San Juan Hill was a community in what is now the Lincoln Square neighborhood of the Upper West Side in Manhattan, New York City. Its residents were mostly African-American, Afro-Caribbean, and Puerto Rican, and comprised one of the largest African-American communities in New York before World War I. San Juan Hill was bound by 59th Street to the south, West End Avenue to the west, 65th Street to the north, and Amsterdam Avenue (part of Tenth Avenue) to the east. The site is now occupied by Lincoln Center, a  complex dedicated to the performing arts.

Etymology
There are different opinions as to why the area was called San Juan Hill. Some critics say that it refers to the Spanish–American War of 1898 fought in Cuba. It is also said that it was because African-American veterans from the war lived in the area. Others say that the name was given to the area due to the constant ethnic gang fights between African-Americans and Irish-American gangs.

History
African-Americans moved into the area around the late 19th century from Little Africa in Greenwich Village, where an earlier African-American community existed. Before the construction of Lincoln Center and the subsequent destruction of San Juan Hill, jazz and art thrived in this area as its popularity began to grow. The neighborhood had a jazz club called "Jungle Cafe" nicknamed the jungle by the members of the neighborhood. This term was used by Milton Mezz Mezzrow, a white jazz clarinetist. Mezzrow was introduced to jazz while living in Harlem, where he heard recordings of James P. Johnson, the pianist from San Juan Hill in which he said "Here’s a boy from the Jungles who makes all the other piano players look sick!”  Moreover, this basement club was where the Charleston dance was reputedly born and got its start. The area's musical history continues today at Jazz at Lincoln Center. Historian Marcy S. Sacks writes that San Juan Hill had many tenement basement clubs ranging from dives to higher-level clubs. And that there were also poolrooms, saloons, dance halls, and bordellos.

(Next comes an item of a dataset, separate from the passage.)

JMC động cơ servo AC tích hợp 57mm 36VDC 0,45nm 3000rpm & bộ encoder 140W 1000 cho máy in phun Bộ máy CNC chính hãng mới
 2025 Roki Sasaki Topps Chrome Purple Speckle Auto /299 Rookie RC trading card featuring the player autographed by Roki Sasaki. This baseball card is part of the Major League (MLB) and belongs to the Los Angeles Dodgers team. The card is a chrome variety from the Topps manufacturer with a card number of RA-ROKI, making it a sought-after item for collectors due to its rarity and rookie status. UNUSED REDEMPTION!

Before there was Harlem, there was San Juan Hill. Like Harlem, heavily populated by Black people.  It was also called 'The Jungles'. There was a place on Sixty-second street) called the Jungles Casino a dance hall. It was also known as Drake's Dancing Class. Many of the customers came from the Carolina and Georgia sea islands. They were known as Gullahs and the Geechies. This is where the dance the Charleston was born. James P. Johnson published a number called "The Charleston", which was later used in a Broadway show called Runnin' Wild in 1923. 

San Juan Hill had many African-American churches that, according to historian Marcy Sacks, moved into the area around the 1880s and 1890s. Among these were St. Mark's Methodist Episcopal, Mt. Olivet Baptist, as well as St. Benedict the Moor Church in neighboring Hell's Kitchen. The area had numerous community and fraternal organizations, such as the Grand United Order of Odd Fellows, Negro Elks, and the Colored Freemasons. This community also attracted war veterans returning from the Spanish- American War of 1898 which could have given rise to its name.

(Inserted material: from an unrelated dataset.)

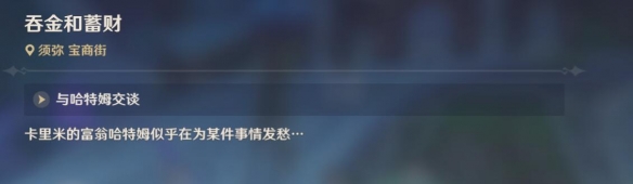 首先需要在须弥接到一次吞金和蓄财的每日委托,接取后,根据给予的食物不同,与期货状态的不同,有两种后续,两种后续均有隐藏成就。

On October 8, 2022, David Geffen Hall opened with a tribute to San Juan Hill. David Geffen Hall was formally known as Avery Fisher at Lincoln Center. 

The opening of David Geffen Hall opened with two concerts with works composed by and featuring Etienne Charles. The new work is called, San Juan Hill: A New York Story-which was performed by Etienne Charles & Creole Soul, and the New York Philharmonic conducted by Music Director Jaap van Zweden.    

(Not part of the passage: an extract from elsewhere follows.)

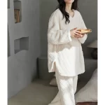 بيجامة فائقة النعومة للنساء شتوية مخملية مرجانية 2023 جديدة سميكة بالإضافة إلى مخملية بسيطة بلون سادة مجموعة ملابس منزلية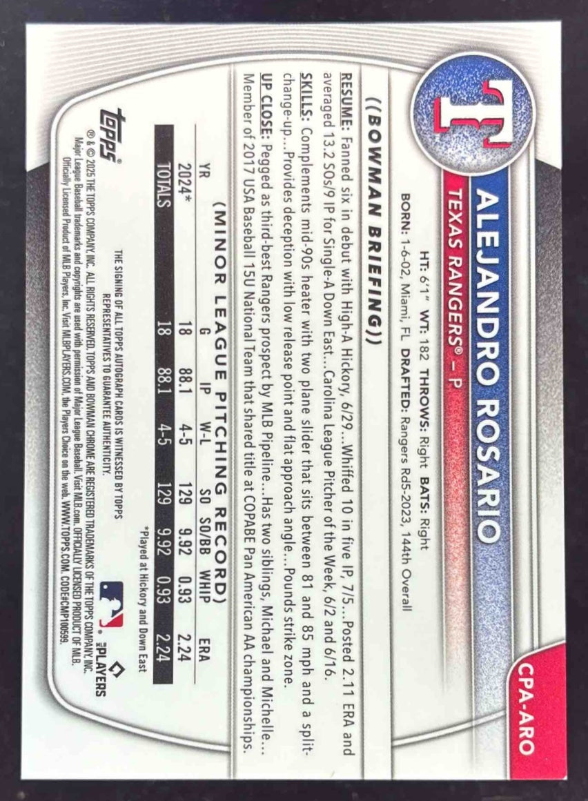 2025 Bowman Chrome Green Refractor #CPA-ARO Alejandro Rosario Auto /99

San Juan Hill: A New York Story is a multimedia work via music, visuals, first-person accounts of the history of the San Juan Hill neighborhood that was razed to build the Lincoln Center complex. 

The San Juan Hill: A New York Story uses the sounds of music of the people who use to live in San Juan Hill. Multiple musical traditions and sounds; Ragtime, Jazz Stride piano, Swing, Blues, Mambo, Paseo, Antillean Waltz, Calypso, Funk, Disco, Bebop along with historical film clips and interviews. It is stated in an article that Lincoln Center chose San Juan Hill: A New York Story to lay the foundation for a new future for Lincoln Center and diversity.

Displacement
San Juan Hill was mostly erased due to the mid-20th-century sweep of urban renewal to create Lincoln Center, displacing thousands of families, and removing the history that the neighborhood existed. In the early 20th century African-Americans started to move uptown from San Juan Hill to Harlem. The African-American population decreased while the Puerto Rican population grew. More Puerto Rican families started moving there in the 1950s coinciding with a massive influx of Puerto Rican migration after World War II. In the 1940s the neighborhood of San Juan Hill was designated as a slum and called "the worst slum district of New York City" by the New York City Housing Authority. 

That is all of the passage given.